Source material below:

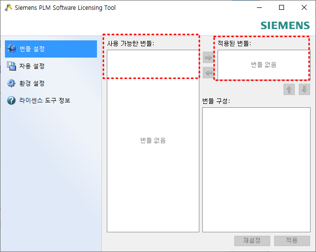 만약 nx 번들이 제대로 올라오지 않는다면 환경설정에서 라이센스 서버가 번들상태가 성공인지 확인합니다.
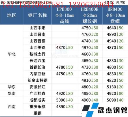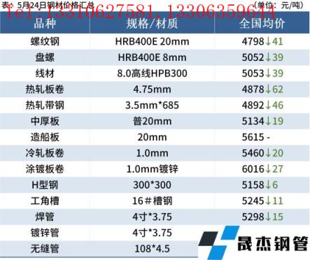 進口礦:5月24日,唐山地區進口礦市場震蕩下行,市場成交一般。全天進口礦現貨報價整體較上一工作日行情價格下跌20-30元/噸。今日唐山地區午后報價PB粉935元/噸,超特粉735-740元/噸,卡粉1150元/噸,紐曼篩后塊1250元/噸。貿易商方面,受盤面影響,午后多數貿易商報價積極性較弱,多隨行就市,部分貿易商挺價情緒較濃;無縫厚壁鋼管廠家方面,采貨需求偏低,整體市場詢盤情況較差。
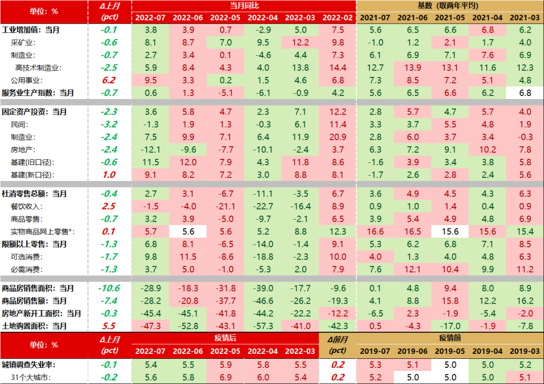 l 生产蛰伏下行,汽车一枝独秀。7月工业增加值同比增速回落0.1pct至3.8%,服务业生产指数同比增速同步回落到0.6%。三大门类中,仅有公用事业因晴热天气增速回升,采矿业、制造业增加值同比增速双双回落。生产复苏仅在第三个月即遭遇挫折。从分行业数据来看,仅有汽车行业及其他运输装备行业同比增速较上月抬升。其中,汽车行业增加值同比增长22.5%,更是一枝独秀。然而其余行业增加值同比增速均较上月不同程度回落。工业生产转弱趋势明显。l 投资仅有基建支撑,制造业、地产投资双双转弱。估算7月固定资产投资同比增速回落至3.6%。其中,7月民间投资同比增速由正转负至-1.3%,增速甚至低于4月低点。从三大分项来看,基建独自支撑、制造业增速回落、地产降幅扩大。基建方面,估算新口径基建同比增速续升至9.1%,而旧口径基建同比增速回落至11.5%,主要缘于7月交通、水利类增速走强而电力投资同比增速走弱。制造业方面,估算7月制造业投资同比增速回落至7.5%,分行业来看,新兴行业投资增速边际改善,而通用设备、其他运输装备两行业投资增速下滑较为明显。地产方面,估算7月地产投资同比降幅扩大至6.4%。同期低基数未能承托地产转好,地产销售降幅再度扩大,新开工面积同比降幅扩大。土地购置、施工及竣工数据虽有边际改善,但降幅仍大。l 社零整体走弱,分化再度显现。7月社消零售及限额以上零售同比增速分别回落至2.7%、6.8%,指向消费整体边际走弱。而从结构来看,主要有三个方向的分化:一是餐饮、零售表现分化,餐饮收入降幅缩小至1.5%,商品零售同比增速回落至3.2%。二是线上线下零售表现分化,实物商品网上零售增速反弹,而线下商品零售相对转弱。三是金银珠宝同比表现一枝独秀,其余品类商品零售增速大多走弱,反映居民或出现避险情绪。l 就业整体转好,但青年失业隐忧仍在。7月城镇调查失业率、31大中城市调查失业率继续回落0.1pct、0.2pct,主要缘于外来务工群体就业边际转好。7月25-59岁人口调查失业率下探0.2pct至4.3%,外来户籍人口调查失业率下探0.3pct至5.5%。相比之下,青年失业率再度走高至19.9%,属于季节性回升。向前看,青年失业率或在8月季节性回落,但难改青年就业压力仍大的客观现实。l 短期寻找韧性,长期亟待提振信心。7月经济数据与PMI数据相互印证,证明经济短期遭遇挫折,供需两端同时出现边际走弱迹象。但除了短期变化,经济数据中所呈现的长期趋势更值得关注,主要是微观主体预期转弱已在基本面逐步兑现。企业端,民间投资增速由正转负,且同比增速低于4月低点,这与社融数据中企业中长贷的数据相互印证,反映企业投资意愿偏弱正在制约企业资本开支。居民端,消费整体转弱过程中,金银珠宝零售增速逆势高增,与M0增速逆势高增相印证,反映居民出现避险需求。短期变化叠加长期趋势,使得经济不得不回到重新寻找韧性的道路上。而从政策端来看,8月15日央行调降MLF利率或是政策主动承托需求的起点。但想要扭转微观主体的悲观预期,或许需要更及时、更强有力、更有系统性效力的政策。而从中长期来看,除了应对短期问题,市场主体同样期待政策端有所作为,增添市场主体对于中长期经济增长的信心。
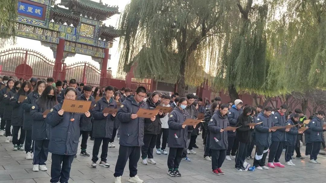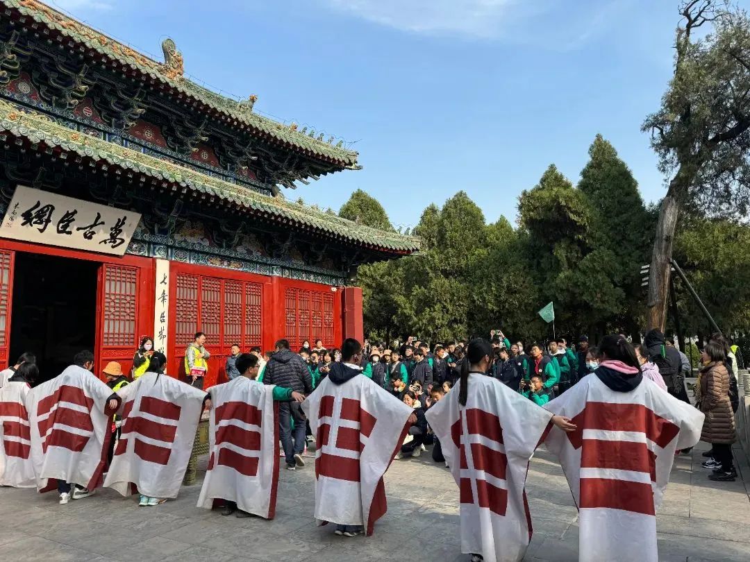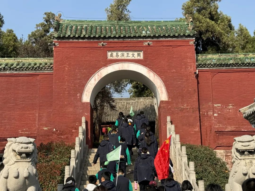 探周易之源,访羑里古城。羌里城遗址,周易文发祥地,以博大精深的文化内涵而名扬海内外。同学们在这里学习祭拜礼仪,面向高大的周文王雕像齐诵时光仿佛一下子穿越回三千年前,他们认真学习拱手、鞠躬、行礼,表达对周文王的敬仰之情。
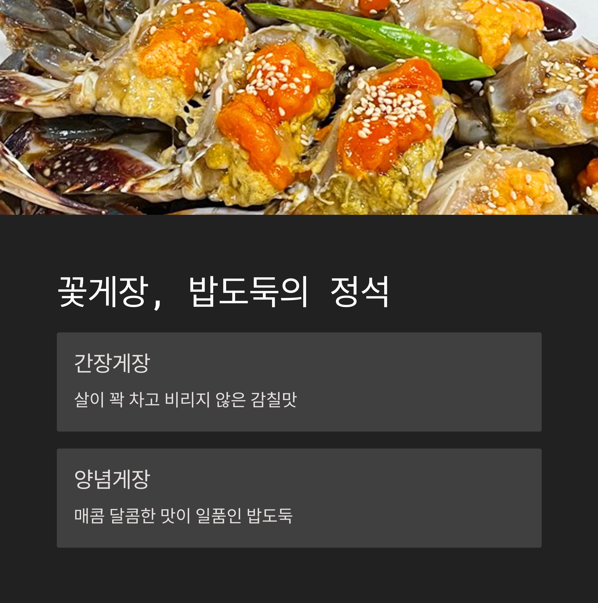 - 주요 메뉴: 간장게장 정식 28,000원 / 양념게장 정식 30,000원
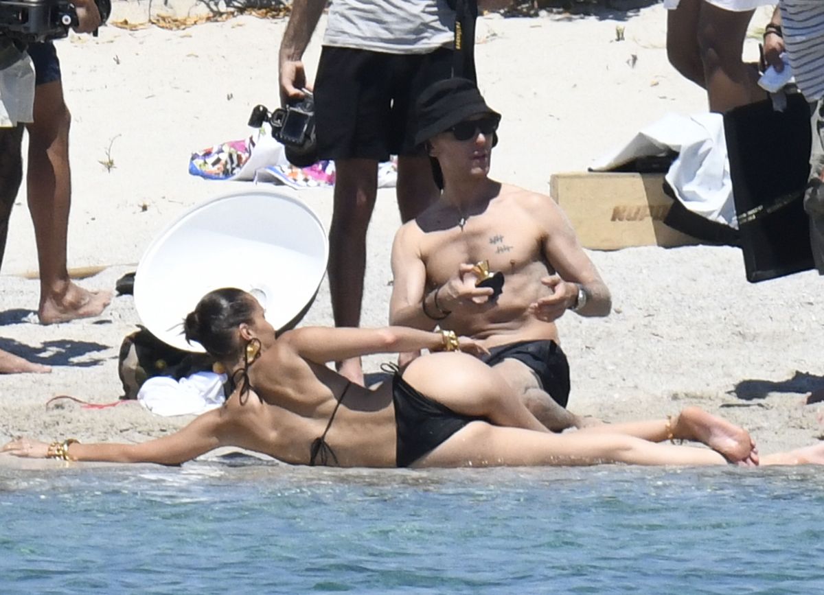 BELLA HADID in Bikini on the Set of a Photoshoot at a Beach 06/24/2020
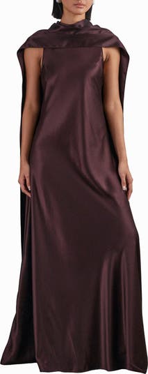 A drapey scarf creates graceful movement on this figure-skimming maxi cut from glossy satin.
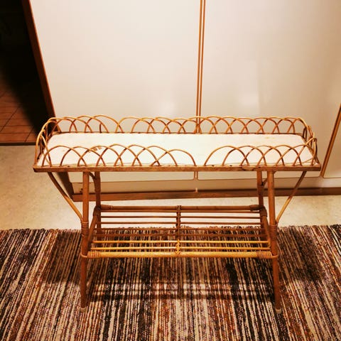 Myyntiin kuvien designharvinaisuus, Aarikan vintage kukkataso / kukkapöytä. Tämä on Aarikan edustajan mukaan joko prototyyppi tai vaihtoehtoisesti niin lyhyen aikaa tuotannossa ollut malli, ettei tästä löydy mistään Aarikan mallistoista mainintaa.

End of Source material.

* _Assignment_: Restate each entry word for word, leaving out any pictures.

* _Exercise result_:
 만약 nx 번들이 제대로 올라오지 않는다면 환경설정에서 라이센스 서버가 번들상태가 성공인지 확인합니다.
 進口礦:5月24日,唐山地區進口礦市場震蕩下行,市場成交一般。全天進口礦現貨報價整體較上一工作日行情價格下跌20-30元/噸。今日唐山地區午后報價PB粉935元/噸,超特粉735-740元/噸,卡粉1150元/噸,紐曼篩后塊1250元/噸。貿易商方面,受盤面影響,午后多數貿易商報價積極性較弱,多隨行就市,部分貿易商挺價情緒較濃;無縫厚壁鋼管廠家方面,采貨需求偏低,整體市場詢盤情況較差。
 l 生产蛰伏下行,汽车一枝独秀。7月工业增加值同比增速回落0.1pct至3.8%,服务业生产指数同比增速同步回落到0.6%。三大门类中,仅有公用事业因晴热天气增速回升,采矿业、制造业增加值同比增速双双回落。生产复苏仅在第三个月即遭遇挫折。从分行业数据来看,仅有汽车行业及其他运输装备行业同比增速较上月抬升。其中,汽车行业增加值同比增长22.5%,更是一枝独秀。然而其余行业增加值同比增速均较上月不同程度回落。工业生产转弱趋势明显。l 投资仅有基建支撑,制造业、地产投资双双转弱。估算7月固定资产投资同比增速回落至3.6%。其中,7月民间投资同比增速由正转负至-1.3%,增速甚至低于4月低点。从三大分项来看,基建独自支撑、制造业增速回落、地产降幅扩大。基建方面,估算新口径基建同比增速续升至9.1%,而旧口径基建同比增速回落至11.5%,主要缘于7月交通、水利类增速走强而电力投资同比增速走弱。制造业方面,估算7月制造业投资同比增速回落至7.5%,分行业来看,新兴行业投资增速边际改善,而通用设备、其他运输装备两行业投资增速下滑较为明显。地产方面,估算7月地产投资同比降幅扩大至6.4%。同期低基数未能承托地产转好,地产销售降幅再度扩大,新开工面积同比降幅扩大。土地购置、施工及竣工数据虽有边际改善,但降幅仍大。l 社零整体走弱,分化再度显现。7月社消零售及限额以上零售同比增速分别回落至2.7%、6.8%,指向消费整体边际走弱。而从结构来看,主要有三个方向的分化:一是餐饮、零售表现分化,餐饮收入降幅缩小至1.5%,商品零售同比增速回落至3.2%。二是线上线下零售表现分化,实物商品网上零售增速反弹,而线下商品零售相对转弱。三是金银珠宝同比表现一枝独秀,其余品类商品零售增速大多走弱,反映居民或出现避险情绪。l 就业整体转好,但青年失业隐忧仍在。7月城镇调查失业率、31大中城市调查失业率继续回落0.1pct、0.2pct,主要缘于外来务工群体就业边际转好。7月25-59岁人口调查失业率下探0.2pct至4.3%,外来户籍人口调查失业率下探0.3pct至5.5%。相比之下,青年失业率再度走高至19.9%,属于季节性回升。向前看,青年失业率或在8月季节性回落,但难改青年就业压力仍大的客观现实。l 短期寻找韧性,长期亟待提振信心。7月经济数据与PMI数据相互印证,证明经济短期遭遇挫折,供需两端同时出现边际走弱迹象。但除了短期变化,经济数据中所呈现的长期趋势更值得关注,主要是微观主体预期转弱已在基本面逐步兑现。企业端,民间投资增速由正转负,且同比增速低于4月低点,这与社融数据中企业中长贷的数据相互印证,反映企业投资意愿偏弱正在制约企业资本开支。居民端,消费整体转弱过程中,金银珠宝零售增速逆势高增,与M0增速逆势高增相印证,反映居民出现避险需求。短期变化叠加长期趋势,使得经济不得不回到重新寻找韧性的道路上。而从政策端来看,8月15日央行调降MLF利率或是政策主动承托需求的起点。但想要扭转微观主体的悲观预期,或许需要更及时、更强有力、更有系统性效力的政策。而从中长期来看,除了应对短期问题,市场主体同样期待政策端有所作为,增添市场主体对于中长期经济增长的信心。
 探周易之源,访羑里古城。羌里城遗址,周易文发祥地,以博大精深的文化内涵而名扬海内外。同学们在这里学习祭拜礼仪,面向高大的周文王雕像齐诵时光仿佛一下子穿越回三千年前,他们认真学习拱手、鞠躬、行礼,表达对周文王的敬仰之情。
 - 주요 메뉴: 간장게장 정식 28,000원 / 양념게장 정식 30,000원
 BELLA HADID in Bikini on the Set of a Photoshoot at a Beach 06/24/2020
 A drapey scarf creates graceful movement on this figure-skimming maxi cut from glossy satin.
 Myyntiin kuvien designharvinaisuus, Aarikan vintage kukkataso / kukkapöytä. Tämä on Aarikan edustajan mukaan joko prototyyppi tai vaihtoehtoisesti niin lyhyen aikaa tuotannossa ollut malli, ettei tästä löydy mistään Aarikan mallistoista mainintaa.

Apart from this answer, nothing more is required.